FIGS. 1A through 1C comprise longitudinal continuations showing an equalizing annulus safety valve in the closed position, in which a packer is used to seal the annulus between upper and lower flow ports.

FIG. 2 shows the valve element of FIG. 1A under the influence of a larger pressure below the closed flow port than would exist above the flow port.

FIG. 3 is similar to FIG. 2 but shows the equalizing configuration of the annulus safety valve.

FIG. 4 is similar to FIG. 3 but shows the main valve member in its fully open position after pressure has been equalized to permit full flow through the upper and lower flow port.
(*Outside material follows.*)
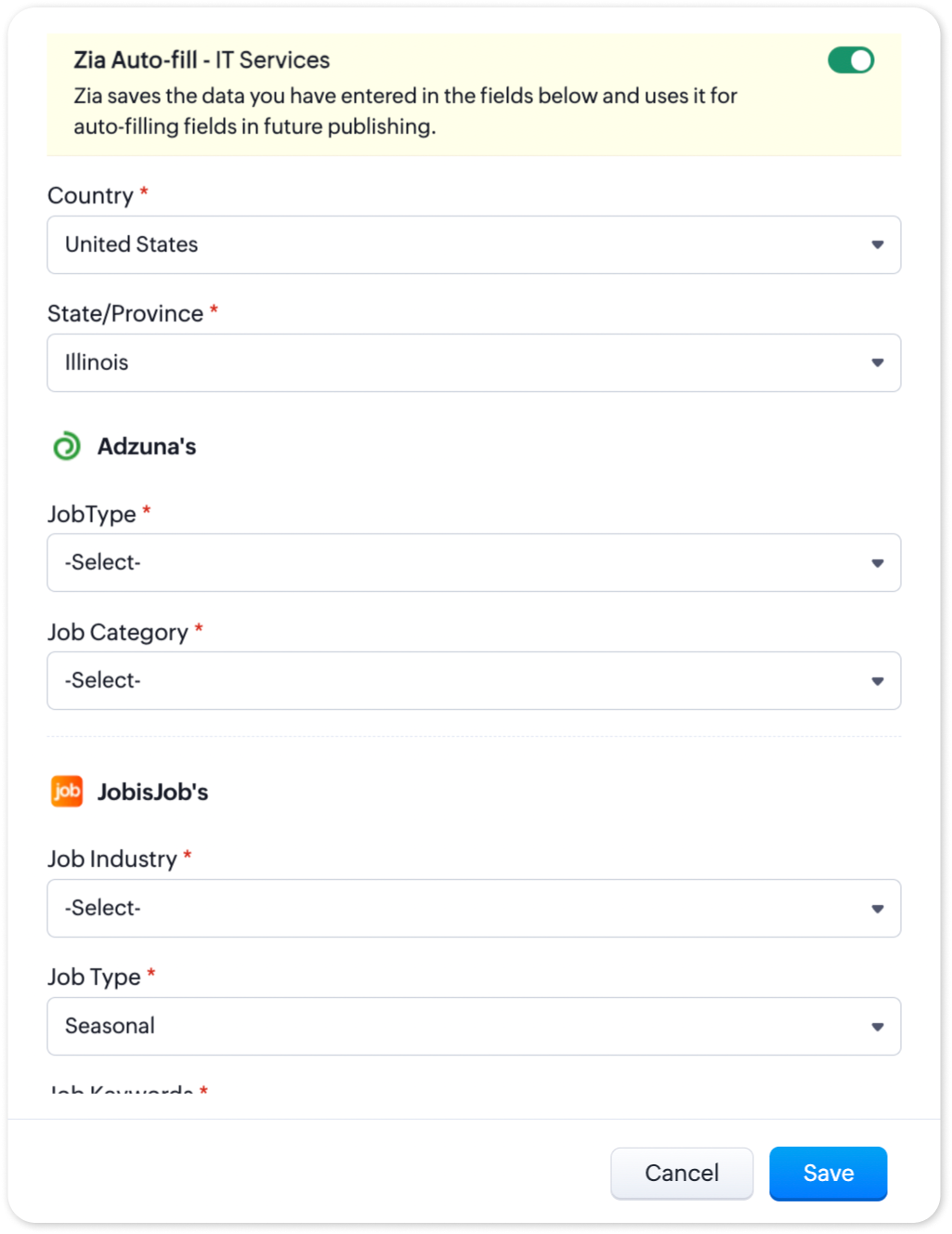2. Check the job boards you wish to publish on, enter the required details and click Save.

FIG. 5 shows an auxiliary piston responsive to annulus pressure to open the main piston and permit flow through the upper port to substantially the same degree as that shown in FIG. 4, where annulus pressure above the valve has been increased to actuate the auxiliary piston.

DESCRIPTION OF THE PREFERRED EMBODIMENT

The preferred embodiment of this invention comprises an equalizing annulus safety valve which can be mounted by conventional means into a packer or packoff tubing hanger located below the valve. FIGS. 1A-1C are longitudinal continuations of an annulus safety valve and packoff tubing hanger assembly. The valve 10 is mounted in packoff tubing hanger 12 which in turn has a ported bottom sub 74 extending therebelow. In use, valve 10 is attached at its upper end to the lower end of a tubing string (not shown). On the lower end of the valve is a conventional anchor latch assembly (also not shown) for engaging the upper end of the packoff hanger 12. An inner tubular member 50 extends from valve 10 through the packoff tubing hanger 12 and has a conventional seal stack 76 at its lower end for engaging a suitable surface 78 below valve port 72 located on the lower ported sub attached to the lower end of packoff tubing hanger 12.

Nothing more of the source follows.